4. **Residual ACF**: a single large bar at lag 1 followed by rapid decay
   is consistent with AR(1). Multiple large bars suggest higher-order
   autocorrelation; consider a longer pre-period or seasonal adjustment.

---

## What if I have no pre-intervention data?

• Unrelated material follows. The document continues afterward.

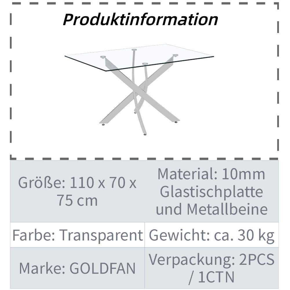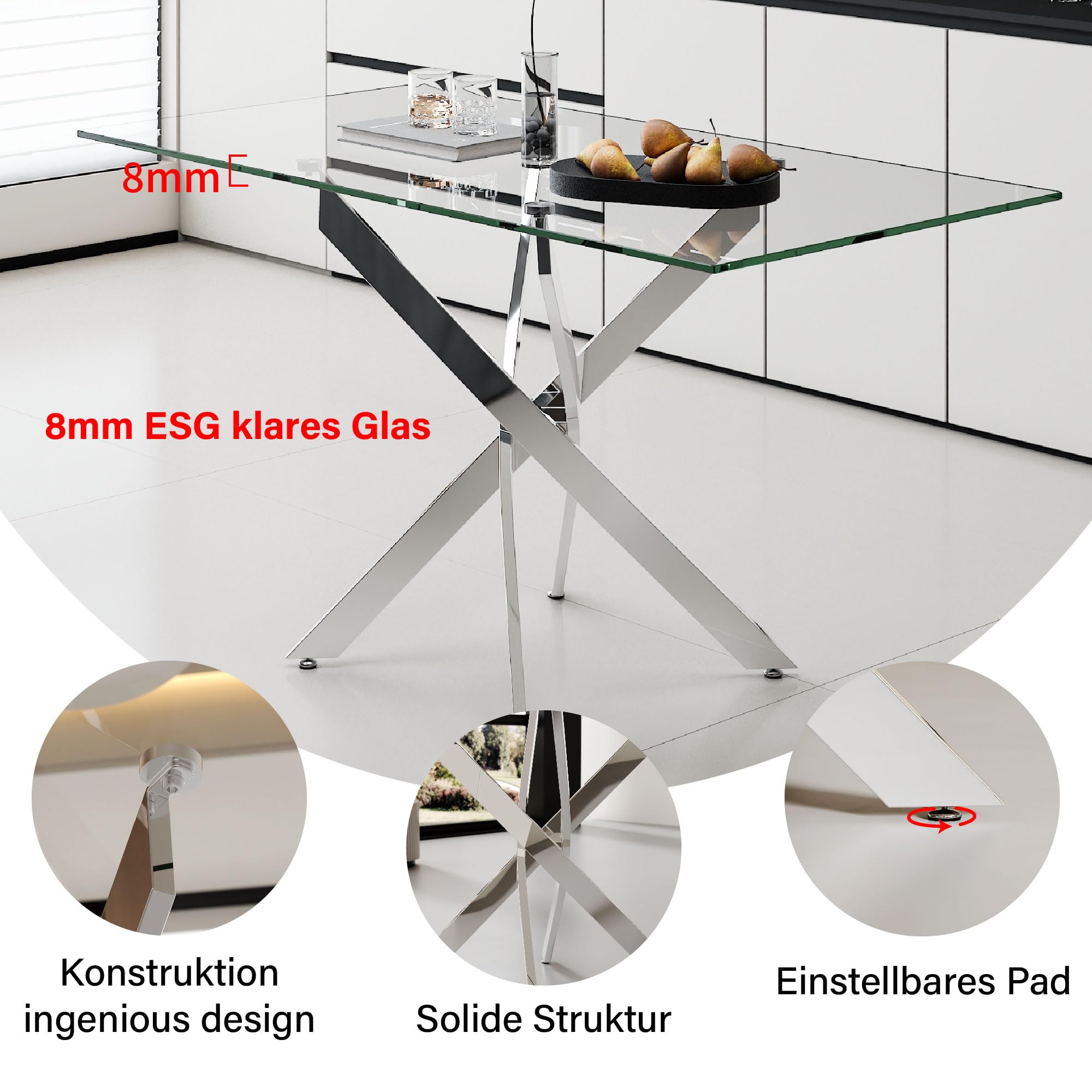 Einzigartiges Design: Die Kombination aus transparentem Glas und silberne tischbeine bietet verschiedene Stile. An den Tischbeinen befinden sich rutschfeste Polster, die den Tisch stabil machen können, ohne zu verrutschen.

If historical data are not available, use `simulate_predata()` to generate
a synthetic pre-intervention series and explore how different parameter
assumptions affect power. Then use the literature or expert elicitation to
justify your choices.

```{r simulate-predata}
# Simulate pre-intervention data with assumed parameters
pre_synthetic <- simulate_predata(
  n        = 24,
  baseline = 15,
  sigma    = 2.0,
  rho      = 0.40,
  seed     = 42
)
head(pre_synthetic)
```

```{r plot-synthetic, fig.cap = "Synthetic pre-intervention series (baseline = 15, sigma = 2, rho = 0.40)."}
plot(pre_synthetic$time, pre_synthetic$outcome,
     type = "o", pch = 16, col = "steelblue",
     xlab = "Time", ylab = "Outcome",
     main = "Synthetic pre-intervention data",
     las = 1, bty = "l")
abline(h = 15, lty = 2, col = "grey50")
grid(NULL, NULL, lwd = 0.6, col = rgb(0, 0, 0, 0.1))
```

You can then recover the estimated parameters from this synthetic series
to verify your simulation is self-consistent:

```{r verify-synthetic}
recovered <- estimate_its_params(pre_synthetic, verbose = FALSE)
cat(sprintf("Target  → baseline: 15.00  sigma: 2.000  rho: 0.400\n"))
cat(sprintf("Recovered → baseline: %.2f  sigma: %.3f  rho: %.3f\n",
            recovered$baseline, recovered$sigma, recovered$rho))
```

Small discrepancies are expected from a single 24-point realisation.
Longer pre-periods (n = 48–60) yield more reliable estimates.

---

## Handling non-standard situations

### Date-indexed time column

`estimate_its_params()` accepts date columns and converts them to a
sequential integer index automatically:

```{r date-example, eval = FALSE}
# If your data has a 'date' column of class Date:
params <- estimate_its_params(
  my_data,
  outcome_col = "cfr",
  time_col    = "date"     # Date objects are handled automatically
)
```

### Missing values

Missing values in the outcome are removed with a warning before fitting:

```{r missing-values}
data_with_na <- example_cfr_data
data_with_na$outcome[c(5, 12)] <- NA

params_na <- suppressWarnings(
  estimate_its_params(data_with_na, verbose = FALSE)
)
cat("n_pre after removing NAs:", params_na$n_pre, "\n")
```

### Very short pre-periods

Fewer than 12 observations produces a warning. Estimates become
increasingly unreliable as the pre-period shrinks, and are essentially
meaningless below n = 8.

```{r short-preperiod, warning = TRUE}
params_short <- estimate_its_params(
  example_cfr_data$outcome[1:9],
  verbose = FALSE
)
```

If you genuinely have fewer than 12 pre-intervention observations,
consider whether the ITS design is appropriate, or whether a
controlled ITS (with a comparison series) would be more robust.

---

## Typical parameter ranges for monthly hospital data

As a reference when pre-intervention data are unavailable:

| Parameter | Typical range | Notes |
|-----------|--------------|-------|
| `sigma` | 10–20% of baseline | Higher for small hospitals or rare outcomes |
| `rho` (monthly) | 0.30–0.50 | Use 0.40 as a conservative default |
| `rho` (weekly) | 0.50–0.80 | Consider aggregating to monthly |
| `rho` (daily) | 0.70–0.90 | Strong case for monthly aggregation |

---

## References

- Lopez Bernal J, et al. (2017). *Int J Epidemiol* 46:348–355.
- Wagner AK, et al. (2002). *J Clin Pharm Ther* 27:299–309.
- Zhang F, et al. (2011). *J Clin Epidemiol* 64:1252–1261.